So far, savings banks don’t have a particular business model except profits from deposit. However, now they can supply capital and invest aggressively by selling funds, and card companies also can develop other source of profits in addition to card fees and installment financing.
To secure competitiveness in fund sales, savings banks are aggressively conducting education for fund managers.
Though the card companies are reluctant to disclose their specific strategies, they have adapted to the Capital Market Consolidation Act by preparing products such as a CMA-linked card.
  • Savings banks have high expectations for fund sales.
  • As early as H1 of this year, savings banks can sell funds at a teller’s counter like normal banks.
    Savings banks, whose profits are dominantly based on interest margins, have high expectations that fund sales represent a new opportunity.

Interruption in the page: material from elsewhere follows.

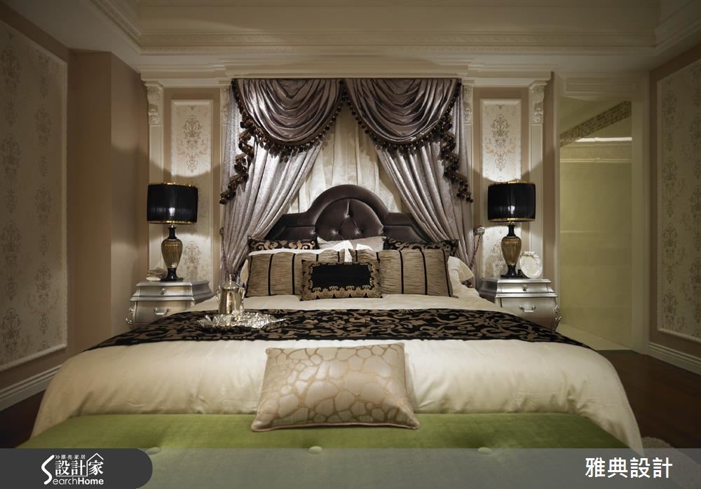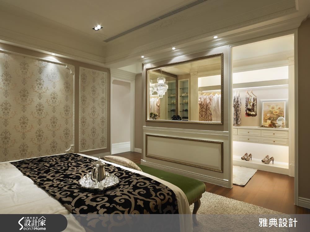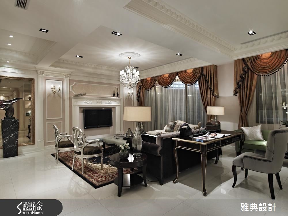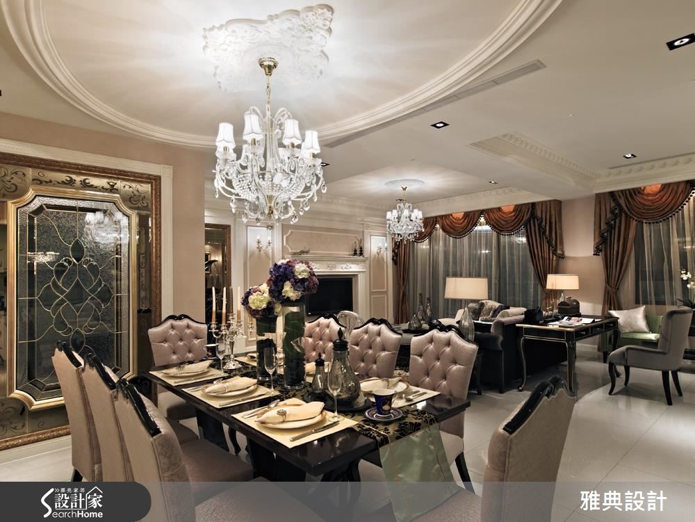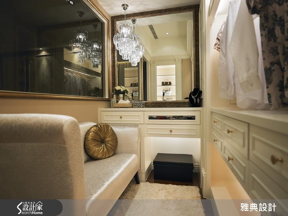 在女设计师的笔下,新古典风格除了大器奢华,还有著优雅与细腻。264平方米的大宅中,不仅藉由材质、家具铺排华丽气场,更在细节中体现巧思,满足女性们的豪宅美梦,快跟着小编一起走进来看看吧。【灯饰和家具,铺排古典气质】空间采以白色为基底,带入金银的穿插运用,并于天花及壁面揉入雕花线板,刻划着柔美细致的居家线条。布置上,则给予带有分量的温暖,搭上水晶灯撒落的层次光影,阐述迷人品味。公领域以开放式布局强化空间延伸感,藉由大面对称展示柜陈列画饰与瓷器,与电视墙形成唯美的对话。餐厅天花做出圆型线板,与吊灯的晕柔光氛相得益彰。并与客厅的主灯形成呼应,产生远近深浅的视觉意趣,下方搭佐古典餐椅,促成柔美的用餐气氛。主卧床头则加入独特设计,透过布幔线条彰显布料的滑顺质地,搭配着光影折射,奠定有如宫廷般的雍容视野。而绿色床尾椅的跳色聚焦,亦让整体视觉更形丰富。更衣室则采用清玻璃呈现穿透视野,并让衣物、配件、鞋包等妥善置放,体现设计师细腻的女性思维。

    According to a savings bank official, "From now on, when fund sales and trust works are permitted, a stable growth is possible with diversified sources of profit focusing on large saving banks. However, it is important to differentiate ourselves from other commercial banks."

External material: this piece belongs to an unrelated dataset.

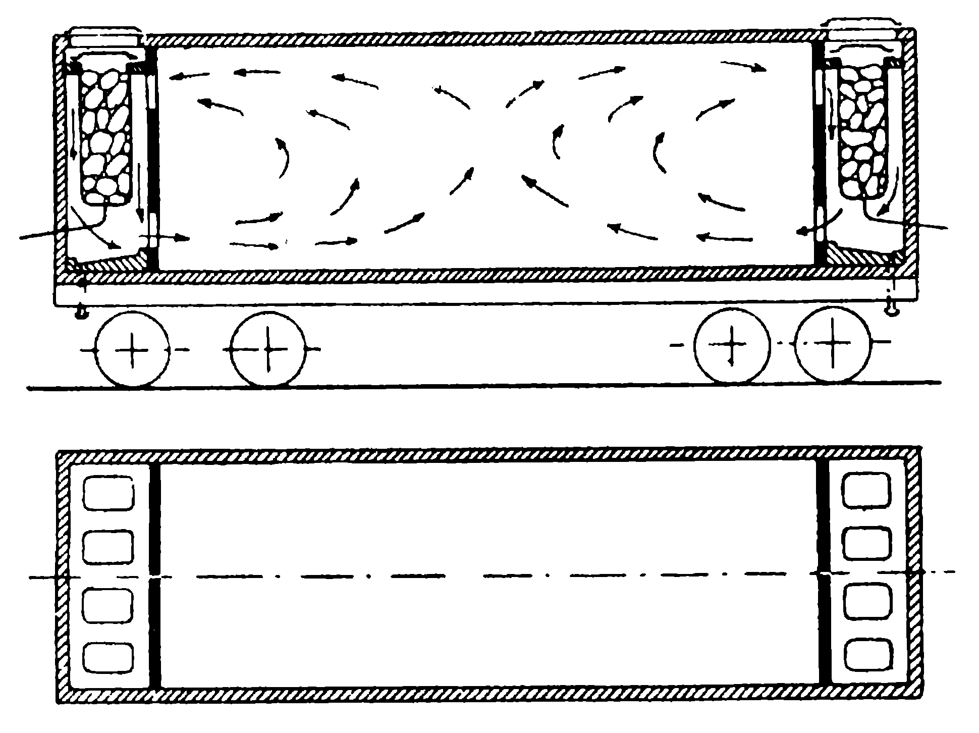 Искусственное охлаждение имеет широкое применение при перевозке скоропортящихся пищевых продуктов. Для этой цели служат вагоны-ледники, часто называемые „изотермическими“, то есть вагонами, в которых должна поддерживаться некоторая определенная, наивыгоднейшая для перевозимого продукта, температура. В водном транспорте существуют соответственно „баржи-рефрижераторы“. Применение для вагонов холодильных машин не рационально, так как они представляют собой большой мертвый груз и для обслуживания требуют постоянного персонала. Поэтому в этих случаях почти исключительно пользуются льдом или для достижения более низкой температуры смесью льда с солью. Схематически такой изотермический вагон в разрезе и плане представлен на рисунке 301. По бокам вагона в особых помещениях находятся железные баки со льдом, смешанным с солью. Лед и соль загружаются через крышу вагона. Холодный рассол, образующийся от таяния льда, остается в нижней части отделения, чем также используется для охлаждения вагона. Избыток его помощью особых сливных труб удаляется вон. Стрелками показана циркуляция воздуха. Холодный воздух, как более тяжелый, поступает снизу, охлаждает груз и, нагревшись, поднимается вверх; пройдя мимо баков со льдом, он охлаждается и снова охлаждает груз. Для того чтобы температура внутри вагона оставалась достаточно низкой и постоянной, он тщательно изолируется. Это достигается помощью двойных стенок, между которыми оставляют пустое пространство (воздух — плохой проводник тепла), или это пустое пространство заполняют каким-либо другим плохим проводником тепла — войлоком, пробкой и прочие.

    Determining that to securing competent human resources is the first-priority sell funds efficiently; savings banks are making preparations accordingly.
    Sixty-six savings banks that are prepared to participate in fund sales have 1053 licensed fund managers; and they are working to expand that number of personnel.
    Korea Investment Mutual Saving Bank and Totamo Savings Bank have the most fund managers (115) followed by Jeil Mutual Savings Bank, which has 72 managers.
    Most savings banks educate their employees passionately. A prime example is Hyundai Swiss Savings Bank, which has encouraged employees to obtain Certified Financial Planner (CFP) certification and has educated 140 preliminary PBs.
    To prepare for the Capital Market Consolidation Act, the Korea Federation of Savings Banks has operated a Task Force (TF) for fund sales since last March, and reinforced its professional human resources for its fund managing department.
    In addition, the Federation had previously established a fund sales system including a program lease contract with Koscom.
  • Card companies, concentrate their efforts on the development of linked products.
  • Card companies don’t welcome the introduction of the Capital Market Consolidation Act because risk management has become more important due to the economic crisis. However, they have plans to reinforce additional services and develop linked products to adapt to coming changes.
    They determined that it is hard to expand business or launch new projects because the domestic card market is already saturated.
    First, Shinhan Card is providing benefits to prevent the loss of clients such as ‘Tops Club’, where clients can automatically become a VIP of the bank, card, securities, and life companies by becoming a VIP of any one of them (Shinhan Financial Group).
    Lotte Card issued ‘Tong Yang CMA Lotte Check Card', and developed products that provide additional services of Lotte Check Card when using Tong Yang CMA of Tong Yang Securities as a settlement account. Moreover, KEB Credit signed an MOU with Daishin Securities last year and is going to issue a CMA card.
    Card companies’ strategies include watching the current market situation, and concentrating on auto financing and real estate brokerage services when the Capital Market Consolidation Act is passed.
    Many card companies plan to secure clients in auto financing with 36-month installments and interest rates as low as 7%.
    Also, they will cooperate with real estate businesses that were previously excluded from the business of card companies due to the difficulty of card payment, so future brokerage fees are expected to be paid by card.